Despite his humble manner, anyone seeing him may be attracted by his knowledge and love for cultural values.
“As far as I know, poonah paper used to be commonly applied in daily life back to the past. It was used for royal documents and family trees, etc. So it was essential back then,” Dinh said.
Kids to the events can also find their own corner of joy where they can make their own paintings, paper fans and handmade bracelet with pieces of poonah paper.
At another corner, vibrant products from Zó project which also works on preserving and promoting poonah paper, and tools for making poonah paper also dazzle visitors.
Through the mini-exhibition, visitors have an in-depth insight in the creation, development and application of the paper in society.
The event was initiated by Nguyen Thi Trang, a student at Academy of Journalism and Communication.
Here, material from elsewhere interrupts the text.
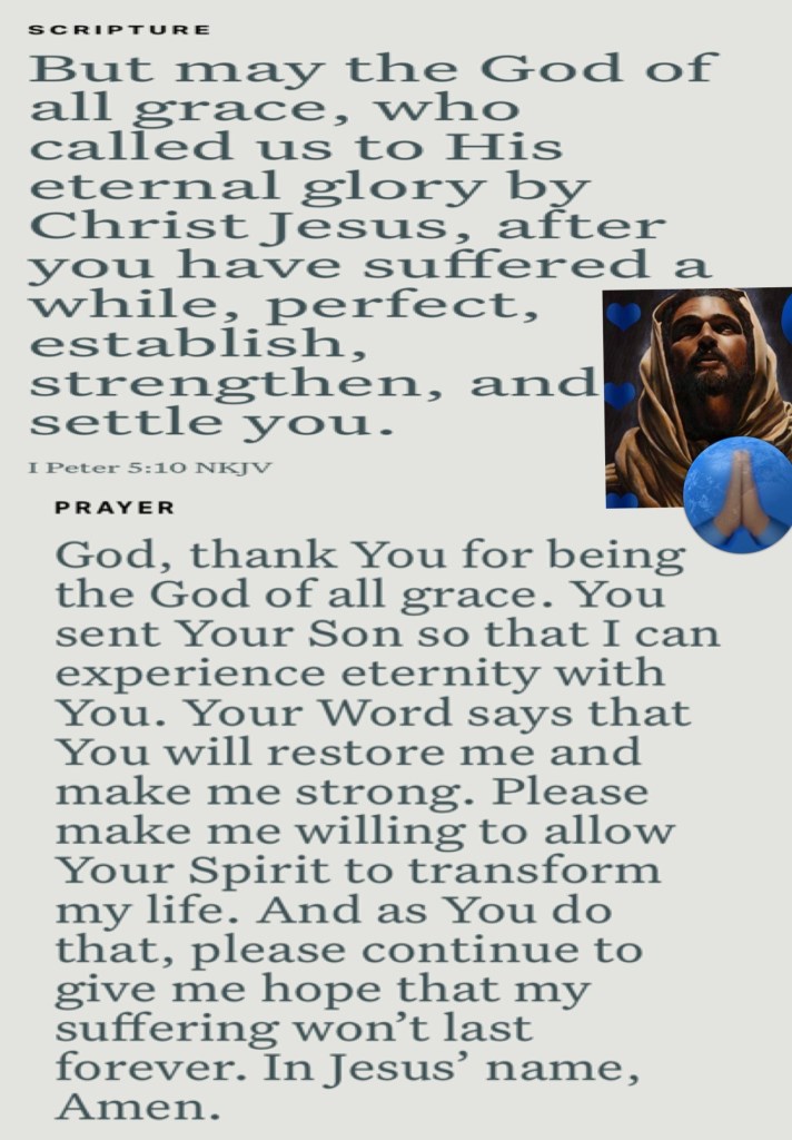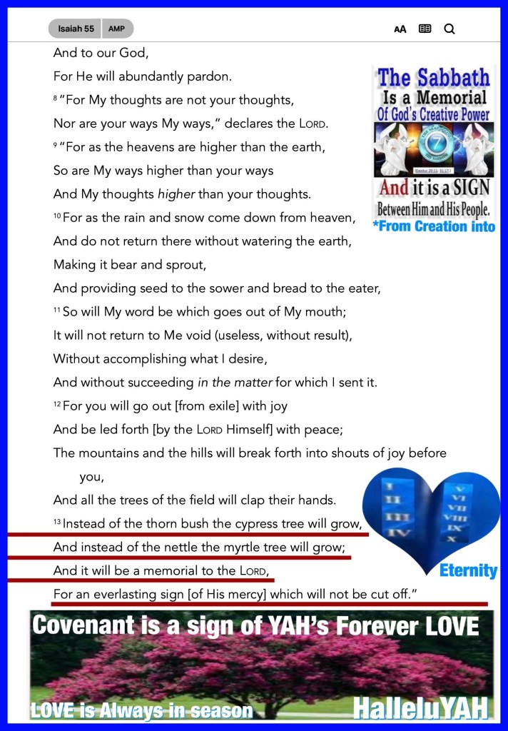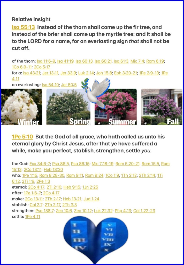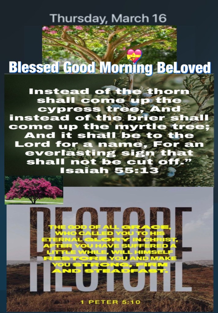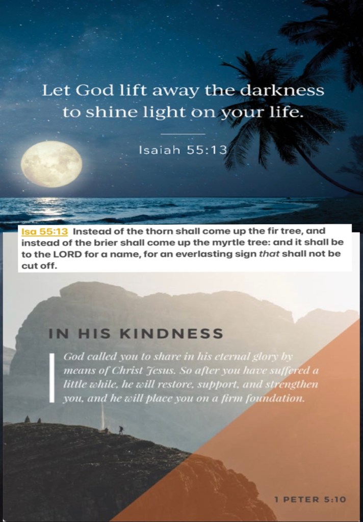 “Instead of the thorn shall come up the cypress tree, And instead of the brier shall come up the myrtle tree; And it shall be to The Lord for a name, For an everlasting sign that shall not be cut off.”” Isaiah 55:13 “But may the God of all grace, who called us to His eternal glory by Christ Jesus, after you have suffered a while, perfect, establish, strengthen, and settle you.” I Peter 5:10

“What I want to showcase is a comparison between poonah paper in the past and for the time being,” said Trang. “So we combine traditional paintings, calligraphy and modern stuff made from poonah paper. We want to deliver a message of preserving poonah paper among youngsters,” she added.
Many people may find it hard to believe the one-day event was held by students. It shows their great love toward cultural values, proving that many Vietnamese youngsters will no way turn their back to history and traditions.
“There were times Dong Ho paintings threatened to fall into oblivion. So today I’m so happy that these young fellows inviting me to the event,” said Nguyen Thi Oanh, an artisan in making Dong Ho paintings.